Paris: La Taverne du Croissant

Another restaurant, but this one is of historical significance: the assassination of Jean Jaurès, which took place on 31st July 1914.

Paris was seething with war fever. Jean Jaurès was a prominent journalist and socialist member of parliament, a pacifist and passionate campaigner against the headlong rush into war in Europe.

An ardent French nationalist called Raoul Villain had been tracking Jaurès for several days. When he discovered Jaurès sitting in this restaurant, with his back to the window, Villain shot from outside with a revolver and killed him instantly.

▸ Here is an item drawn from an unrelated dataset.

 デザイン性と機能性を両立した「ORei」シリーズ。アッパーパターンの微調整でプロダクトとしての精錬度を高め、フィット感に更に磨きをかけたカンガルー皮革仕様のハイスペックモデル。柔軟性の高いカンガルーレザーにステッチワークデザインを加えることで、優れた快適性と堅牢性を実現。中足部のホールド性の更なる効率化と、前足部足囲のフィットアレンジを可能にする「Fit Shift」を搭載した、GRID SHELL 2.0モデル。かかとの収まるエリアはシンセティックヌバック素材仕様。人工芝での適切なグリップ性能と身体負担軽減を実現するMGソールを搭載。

Villain explained his action as a patriotic act. He sat in prison until his trial in 1919, a time of rampant triumphalism at the end of the war, and was acquitted of murder. To add insult to injury, the widow of Jean Jaurès was then required to pay the legal costs of the trial.

Villain was executed in Ibiza in 1936 (early in the Spanish Civil War) as a suspected spy for Franco's army.

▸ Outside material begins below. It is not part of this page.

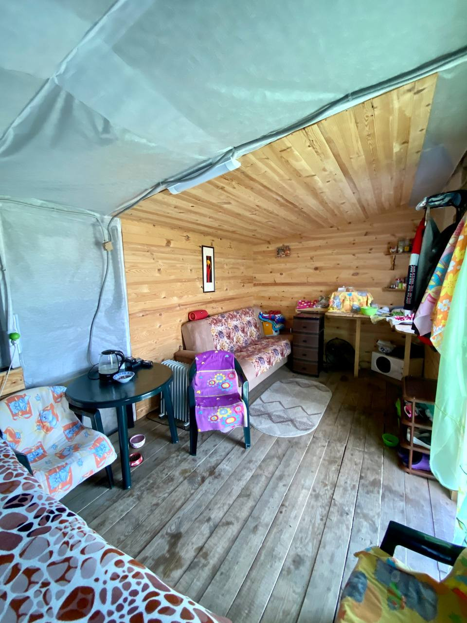 Дачный домик примерной площади 40 квадратных метров, состоящий из двух отдельных входов, первый жилая комната, второй вход склад-кладовка для хранения вещей.

A few days before his death, Jaurès had said pessimistically to a friend: "Ah! croyez vous, tout, tout faire encore pour empêcher cette tuerie ?… D’ailleurs, on nous tuera d’abord, on le regrettera peut-être après" ("Don't you agree that we must continue to do all we can to prevent this slaughter? Anyway, they will kill us first of all, perhaps they will regret it later.")


The marble plaque to the left of the restaurant door reminds us of this murder.